According to the CMU investigators, such robo-convoy thinking just might make Tesla’s proposed rig—which they estimate would be able to carry 22 tons no more than 300 miles in one day, at best, and it would still be prohibitively expensive—a reasonable proposition. Their study, published in the American Chemical Society’s journal ACS Energy Letters, found that seven vehicles platooning together—that is, driving just 8-feet apart, either manually or under autonomous control—on trips shorter than 300 miles would reduce aerodynamic drag by 50 percent.
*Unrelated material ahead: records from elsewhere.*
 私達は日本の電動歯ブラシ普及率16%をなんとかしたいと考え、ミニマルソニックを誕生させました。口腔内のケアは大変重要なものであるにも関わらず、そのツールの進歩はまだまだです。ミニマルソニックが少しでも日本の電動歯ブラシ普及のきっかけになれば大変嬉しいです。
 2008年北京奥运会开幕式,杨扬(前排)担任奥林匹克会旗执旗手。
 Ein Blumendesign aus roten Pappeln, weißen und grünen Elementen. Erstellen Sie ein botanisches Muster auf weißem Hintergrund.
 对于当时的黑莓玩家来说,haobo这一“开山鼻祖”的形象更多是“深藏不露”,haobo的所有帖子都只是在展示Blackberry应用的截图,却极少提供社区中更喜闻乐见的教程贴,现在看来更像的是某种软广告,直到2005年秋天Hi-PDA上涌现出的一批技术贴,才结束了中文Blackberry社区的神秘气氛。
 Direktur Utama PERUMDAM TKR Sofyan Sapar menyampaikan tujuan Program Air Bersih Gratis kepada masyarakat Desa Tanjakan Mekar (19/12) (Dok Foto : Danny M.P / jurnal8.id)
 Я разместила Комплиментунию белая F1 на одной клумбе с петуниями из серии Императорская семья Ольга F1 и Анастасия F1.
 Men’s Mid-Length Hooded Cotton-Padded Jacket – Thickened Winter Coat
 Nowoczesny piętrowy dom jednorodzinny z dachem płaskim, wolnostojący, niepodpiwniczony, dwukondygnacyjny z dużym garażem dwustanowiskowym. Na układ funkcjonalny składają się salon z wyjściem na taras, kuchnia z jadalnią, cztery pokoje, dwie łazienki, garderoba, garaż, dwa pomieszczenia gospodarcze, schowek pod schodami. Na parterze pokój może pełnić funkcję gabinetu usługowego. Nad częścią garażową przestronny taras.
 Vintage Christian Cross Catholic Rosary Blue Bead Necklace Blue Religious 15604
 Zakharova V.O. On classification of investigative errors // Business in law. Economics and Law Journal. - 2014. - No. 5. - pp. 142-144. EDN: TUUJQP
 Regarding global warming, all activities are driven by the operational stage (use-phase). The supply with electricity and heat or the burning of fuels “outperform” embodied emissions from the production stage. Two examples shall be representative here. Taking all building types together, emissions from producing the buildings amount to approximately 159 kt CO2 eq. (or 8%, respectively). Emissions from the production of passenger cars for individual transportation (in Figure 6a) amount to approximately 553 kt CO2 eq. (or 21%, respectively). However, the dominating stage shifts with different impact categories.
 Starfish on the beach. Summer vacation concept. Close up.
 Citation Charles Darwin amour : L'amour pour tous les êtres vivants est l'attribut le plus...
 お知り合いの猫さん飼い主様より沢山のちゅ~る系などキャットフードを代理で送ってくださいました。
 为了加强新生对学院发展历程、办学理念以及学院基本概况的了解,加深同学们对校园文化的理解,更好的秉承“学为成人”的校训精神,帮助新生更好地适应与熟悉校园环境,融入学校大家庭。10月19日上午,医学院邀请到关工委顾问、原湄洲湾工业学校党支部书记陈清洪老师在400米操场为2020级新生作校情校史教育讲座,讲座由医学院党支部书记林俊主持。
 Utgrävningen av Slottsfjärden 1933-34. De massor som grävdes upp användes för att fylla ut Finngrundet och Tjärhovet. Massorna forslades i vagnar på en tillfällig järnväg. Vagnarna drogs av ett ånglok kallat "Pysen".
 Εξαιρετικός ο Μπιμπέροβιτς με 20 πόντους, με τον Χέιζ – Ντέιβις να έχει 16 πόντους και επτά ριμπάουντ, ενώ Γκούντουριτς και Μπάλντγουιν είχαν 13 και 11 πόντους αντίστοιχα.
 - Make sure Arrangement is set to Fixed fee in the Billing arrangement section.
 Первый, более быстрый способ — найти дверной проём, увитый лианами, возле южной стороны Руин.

This, in turn, would permit a 15 percent reduction in the size of the lithium-ion battery packs required for similar distances driving solo, and therefor a reduction in vehicle costs in order to get the same kind of daily range out of the trucks. It could be done with an 880 kWh battery instead of a 1,100 kWh battery in a solo rig, with a payload boost from 16 to to 25.5 tons, as well. The battery for this would cost $158,000 instead of $200,000. 

The key part of the equation is that reduction in drag. “A single semi truck, due to its large cross-sectional area, will have a lot of air to ‘push’ through in order to move forward,” notes Venkat Viswanathan, an assistant professor of mechanical engineering at Carnegie Mellon, who studied the problem with graduate students Shashank Sripad and Matthew Guttenberg. “When the air travels around the back of the trailer it becomes turbulent, which has a negative impact on the drag force impacting the truck. When trucks platoon, the lead truck ‘paves the way’ for the trucks behind it while the trailing trucks break up the turbulent air stream for the truck in front of it.”

These two effects generate a net benefit of the air traveling more smoothly around the truck platoon, lowering the overall drag coefficient, Viswanathan adds. Hence the reduced amount of energy required to travel a given distance. He says the platooning also adds to battery life by reducing strain on the system—so much that it could add 120,000 miles of use to each battery pack, or a year’s worth of driving.

Of course, the concept still has other challenges, including the viability of deploying platooning with enough frequency and consistency to generate the potential benefits, the need for digital communication and autonomous driving capability in the trucks, and the likely need for truckers or their employers to be willing to buddy up with the packs. Even with platooning, the CMU team still contends that electric semis have an uphill battle in an industry that wrings as much efficiency as possible out of its hardware. “We still maintain our position that current Li-ion batteries will fall short of rendering electric semi trucks competitive with diesel counterparts when operated in a conventional setup,” Viswanathan says. “The scale of these systems and the required energy is such that the cost per kilowatt-hour and specific energy of Li-ion batteries make it very difficult to enable long-range and high payload capacity,”

So the best-case scenario is that platooning will help grease the skids with the trucking industry, but it will take major improvements in battery technology for electric semis to actually replace diesels. But if one this is certain, Musk and his team will keep on truckin’ until they get it right.